### EXERCISE DESCRIPTION
The data below is to be written out exactly, with no pictures.

### RECORDED DATA
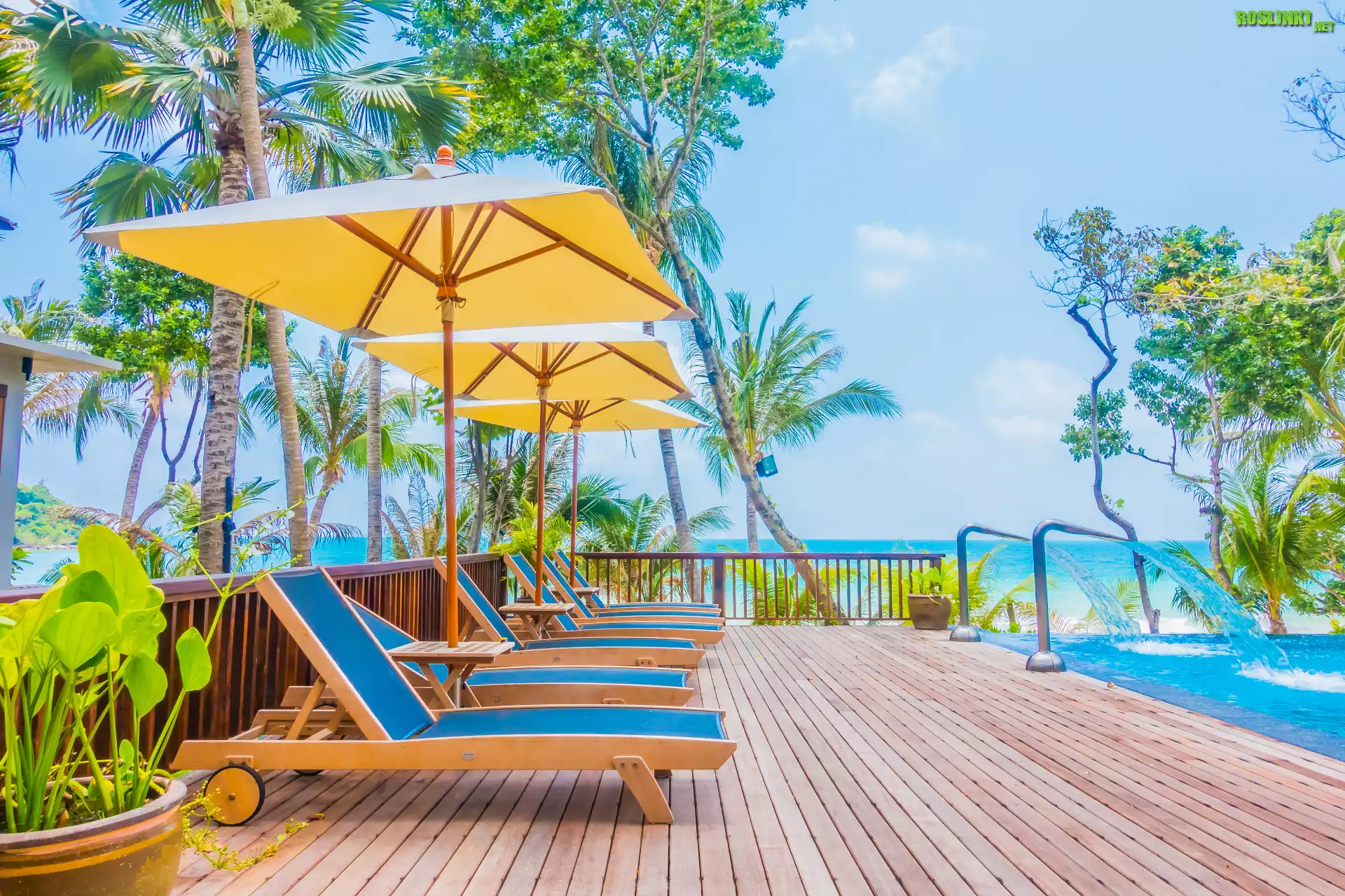 Rośliny: Lato, Basen, Taras, Fotele, Parasole, Palmy
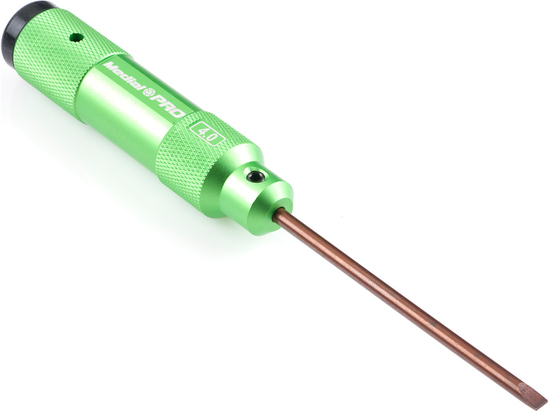 Kvalitní CNC plochý šroubovák Medial Pro o velikosti 4.0 mm má hliníkovou rukojeť o délce 97 mm, průměru 21 mm s gumovou opěrkou a dřík o délce 83 mm. Atraktivní balení v plastové krabičce.
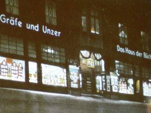 Zum anderen stellte er das einstige »Haus der Bücher« vor – die eingangs erwähnte Buchhandlung. Einst galt sie als Perle Königsbergs, als eine der großen Sehenswürdigkeiten, erschaffen und geführt von Gräfe und Unzer, dem 1722 gegründeten und somit ältesten Verlag Deutschlands. Alte Postkarten, die der Autor bei einem Sammler am Bodensee gefunden hatte, vermittelten dem Publikum einen Eindruck vom einmaligen Innenleben der einstigen, sechs Stockwerke umfassenden Buchhandlung.
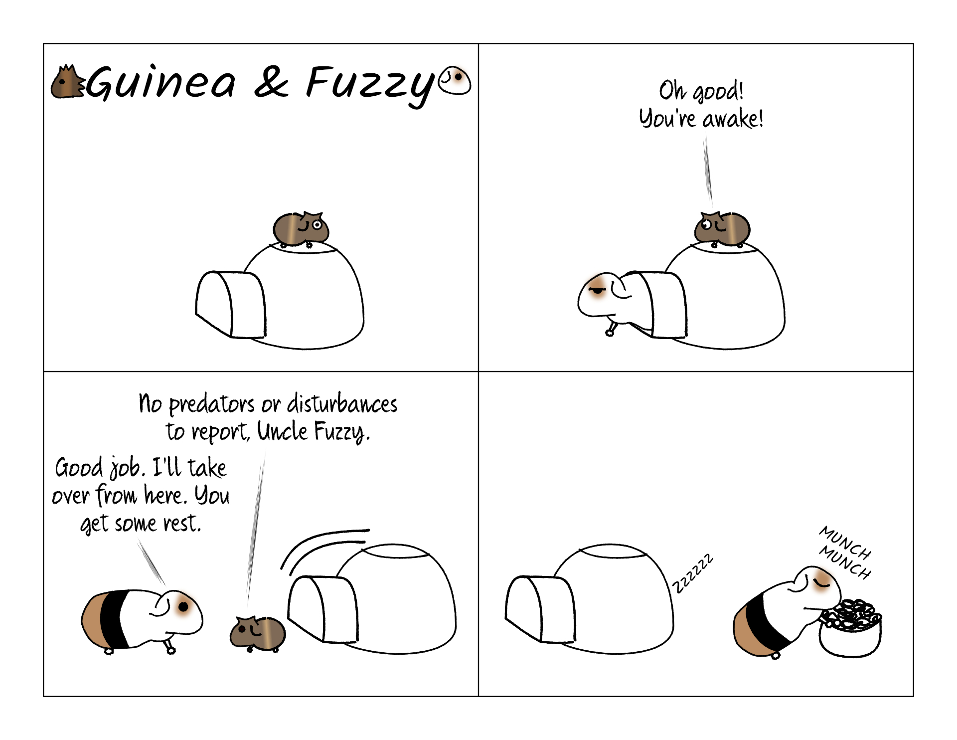 Potato always guards the cage while the other two pigs are sleeping. And eventually when they wake up and they're out and about, his shift is over and he can sleep or relax and eat some hay. Hopefully Fuzzy enjoys the peace of mind knowing that he has an early warning system for any dangerous.

### ANSWER SPACE
 Rośliny: Lato, Basen, Taras, Fotele, Parasole, Palmy
 Kvalitní CNC plochý šroubovák Medial Pro o velikosti 4.0 mm má hliníkovou rukojeť o délce 97 mm, průměru 21 mm s gumovou opěrkou a dřík o délce 83 mm. Atraktivní balení v plastové krabičce.
 Zum anderen stellte er das einstige »Haus der Bücher« vor – die eingangs erwähnte Buchhandlung. Einst galt sie als Perle Königsbergs, als eine der großen Sehenswürdigkeiten, erschaffen und geführt von Gräfe und Unzer, dem 1722 gegründeten und somit ältesten Verlag Deutschlands. Alte Postkarten, die der Autor bei einem Sammler am Bodensee gefunden hatte, vermittelten dem Publikum einen Eindruck vom einmaligen Innenleben der einstigen, sechs Stockwerke umfassenden Buchhandlung.
 Potato always guards the cage while the other two pigs are sleeping. And eventually when they wake up and they're out and about, his shift is over and he can sleep or relax and eat some hay. Hopefully Fuzzy enjoys the peace of mind knowing that he has an early warning system for any dangerous.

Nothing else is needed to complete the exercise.